- Location: 51°5′25.4″N 114°7′35.4″W﻿ / ﻿51.090389°N 114.126500°W 11 Butler Crescent NW, Calgary, Alberta, Canada
- Date: April 15, 2014 1:20 a.m. MDT (UTC−06:00)
- Attack type: Mass stabbing, mass murder
- Weapon: Large knife
- Deaths: 5
- Perpetrator: Matthew de Grood
- Motive: Mental illness

= 2014 Calgary stabbing =

2014 mass murder in Alberta, Canada

On April 15, 2014, Matthew de Grood, son of Calgary Police inspector Doug de Grood, stabbed five young adults to death at a house party in the Brentwood neighbourhood of Calgary, Alberta, Canada. The party was several blocks away from the University of Calgary campus, and held to mark the end of its school year. This incident marked the deadliest massacre in Calgary's history.

==Stabbing and victims==
The attack occurred at 1:20 a.m. at a house at 11 Butler Crescent, where about thirty people were at a party. The assailant, an invited guest, attacked shortly after arriving at the party. He obtained a large knife at the house and stabbed each victim multiple times. Fleeing on foot, de Grood was arrested by police 40 minutes later with the aid of the K-9 unit.

The victims were Joshua Hunter, Kaitlin Perras, Jordan Segura, Lawrence Hong, and Zackariah Rathwell. They ranged from 21 to 27 years of age. Hunter lived in Priddis, Alberta, and the other four lived in Calgary.

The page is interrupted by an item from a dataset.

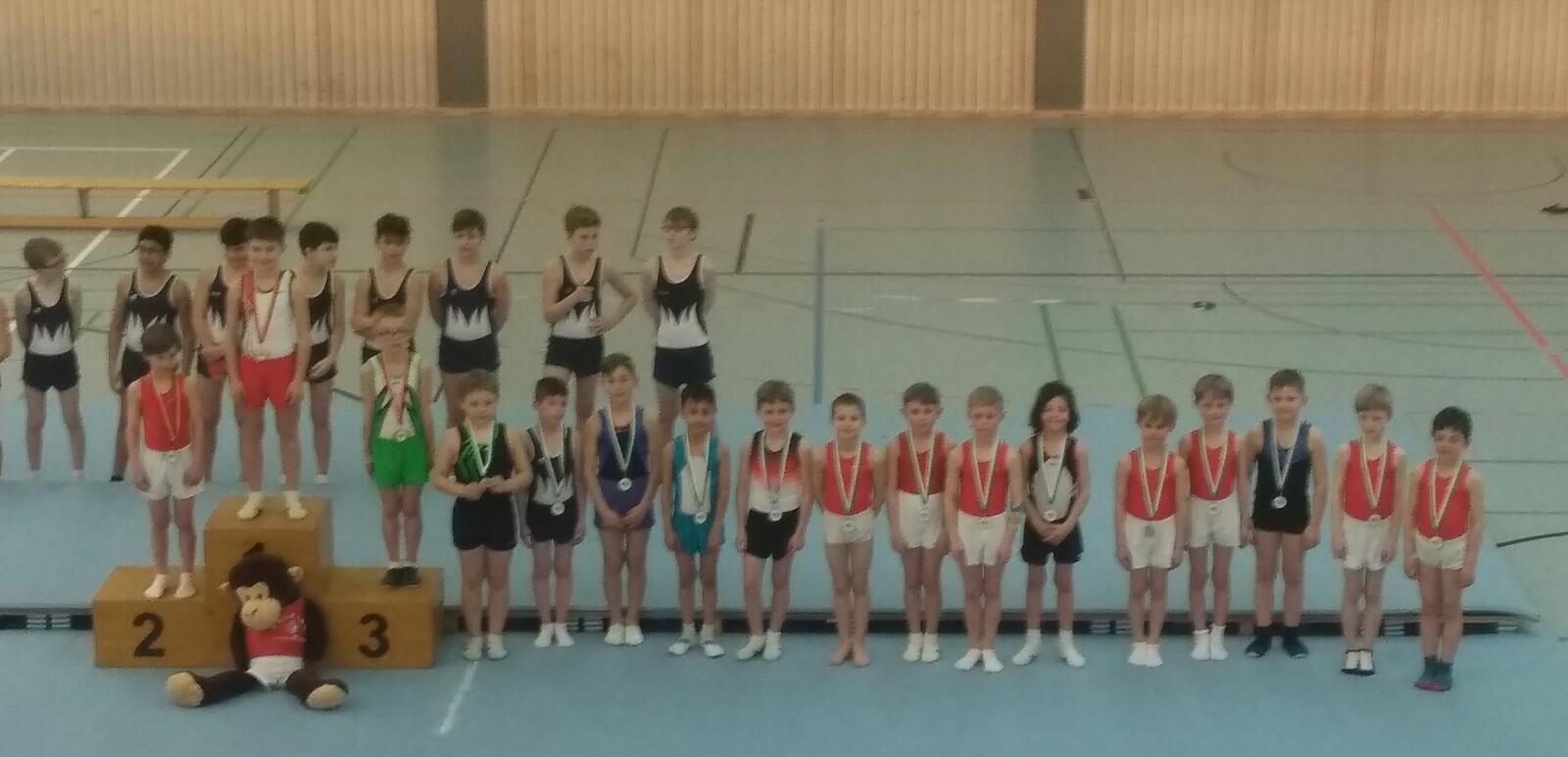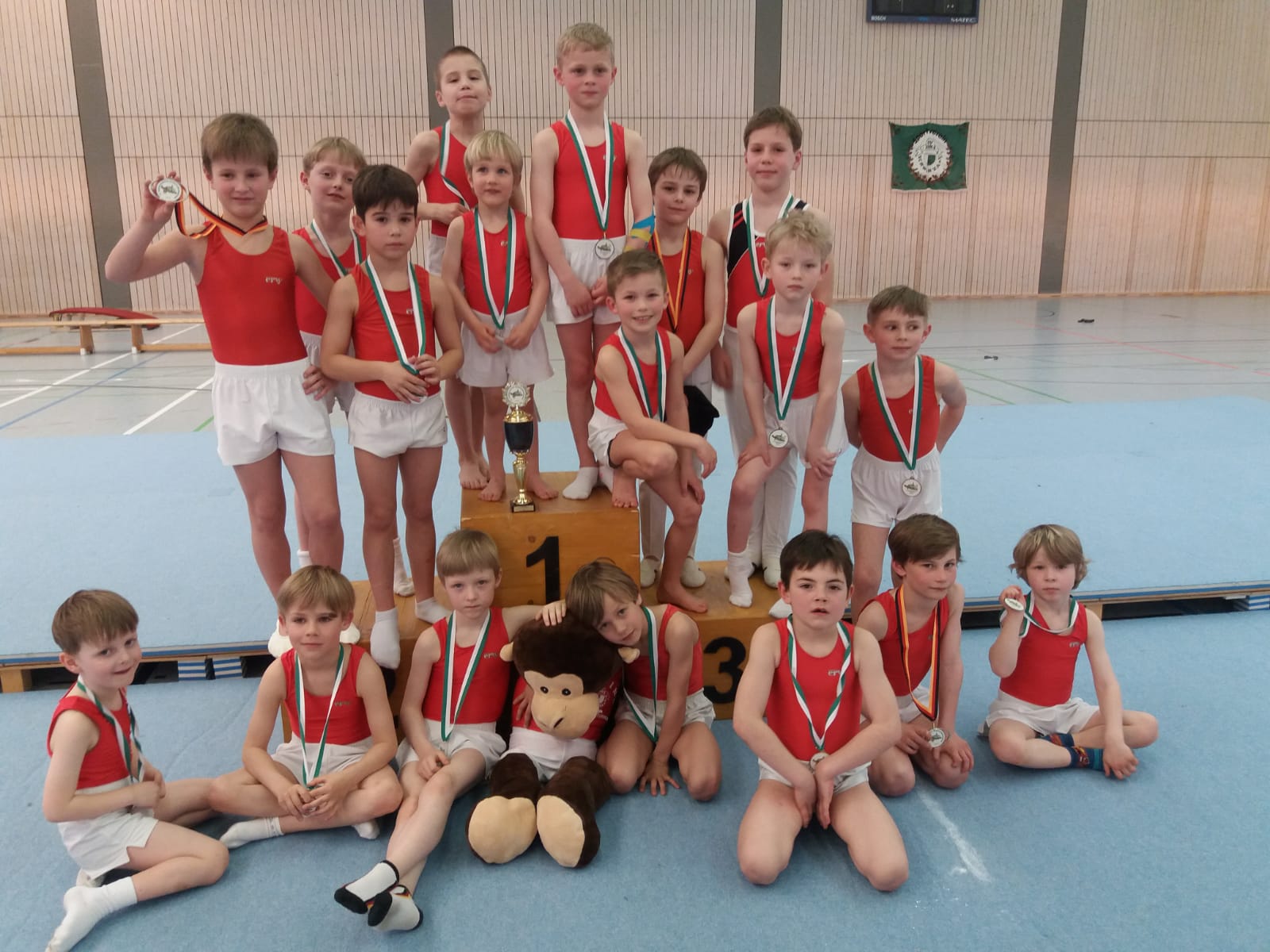In der AK 6/7 erturnten sich Mika Wick, Lionel Fischer, Malte Koch, Jari Miethke, Noah Ackermann und Florentin Fischer die Plätze 5 bis 10. Einige wie z.B. Lionel hatten heute ihren 1. Wettkampf überhaupt, verriet Ronny Hentschel. In der AK 8/9 gab es eine verdiente Silbermedaille von Max Günther, der im Durchschnitt über 9,20 Punkte (max. 10 sind möglich) erturnte. Karsten Hoffmeier kam auf einen sehr guten 9.Platz. Simon Richard Schröder, Mika Fritsche (beide 10.), Hugo Bungartz (13.) und Fabian Fischer (14.) trennten nur 0,25 Punkte. Matti Goldammer und Markus Hentschel kamen auf die Plätze 16 und 17.

Hong, Segura, and Rathwell were pronounced dead at the scene, while Perras and Hunter died in the hospital.

==Perpetrator==
Matthew de Grood, aged 22, was identified as the suspect. A Safeway employee and University of Calgary student, he planned to attend law school. He is the son of a city police officer with the rank of inspector. He was held at a secure psychiatric facility adjacent to the Calgary Remand Centre. According to authorities, de Grood personally knew at least one person present during the party. According to his parents and classmates, his behaviour began to change weeks before the stabbings, posting more frequently on Facebook, including "bizarre" status updates. Hours before the killings, he posted the title of the Megadeth song "Dread and the Fugitive Mind" to his Facebook page. Prior to the stabbing, he sent text messages to his parents, claiming he was going to harm himself. He was found with garlic in his pocket at the time of arrest. Though he had posted online about killing vampires, he told police the garlic was intended to "keep zombies away".

De Grood was charged with five counts of first-degree murder and was ordered to stand trial on May 29, 2015. He had no previous run-ins with the police. On May 22, he was found mentally fit to stand trial after undergoing a psychiatric assessment. On May 29, 2015, his trial was set to begin on May 16, 2016, with jury selection set to begin four days earlier.

On May 25, 2016, de Grood was found not criminally responsible for the homicides on the basis of a mental disorder (schizophrenia, per two of three expert witnesses) that caused a psychotic episode during the killings. According to his lawyer, Allan Fay, he intentionally killed the five victims, believing they were werewolves and vampires who threatened his life. The NCR order means de Grood will be locked down in a psychiatric facility receiving periodic reviews that could lead to release under certain conditions.

De Grood told the Alberta Review Board he wishes the "terrible tragedy" had never happened.

In September 2019, de Grood was granted unsupervised outings by the Alberta Review Board, although they say he "remains a significant risk to the safety of the public."

In December 2023, the Alberta Criminal Code Review Board refused de Grood's request for discharge. The board cited ongoing concerns regarding potential risk to the public and the need for continued structured psychiatric care, preventing his move to a less supervised setting. At a subsequent review by the Alberta Criminal Code Review Board in 2025, de Grood's psychiatrist said that his schizophrenia was in remission and that he was now at a low risk to reoffend. De Grood was now living in a supervised setting and was being seen regularly by an outreach worker. The Board ruled that de Grood could now travel to British Columbia and Ontario in the company of a responsible adult, as well as passes to visit his family's home.

==University response==
Although the stabbings occurred off-campus, the close relationship between the parties involved and the University of Calgary elicited a direct response from the school's community. University president M. Elizabeth Cannon described the event as a "senseless tragedy" in which the community "lost a part of its family."

On April 15, 2015, the university held the UCalgaryStrong Festival, celebrating the end of the school year and commemorating the one-year anniversary of the stabbing. The festival was part of the broader UCalgaryStrong initiative, which aims to "reduce loneliness and isolation, and foster resiliency in the face of the stressors that are part of the post-secondary experience." Victim Lawrence Hong was granted a posthumous degree in 2015, and memorial scholarships have been established for him and two other victims, Joshua Hunter and Jordan Segura, in their respective disciplines. Zackariah Rathwell was granted a posthumous degree in 2015 from the Alberta College of Art and Design.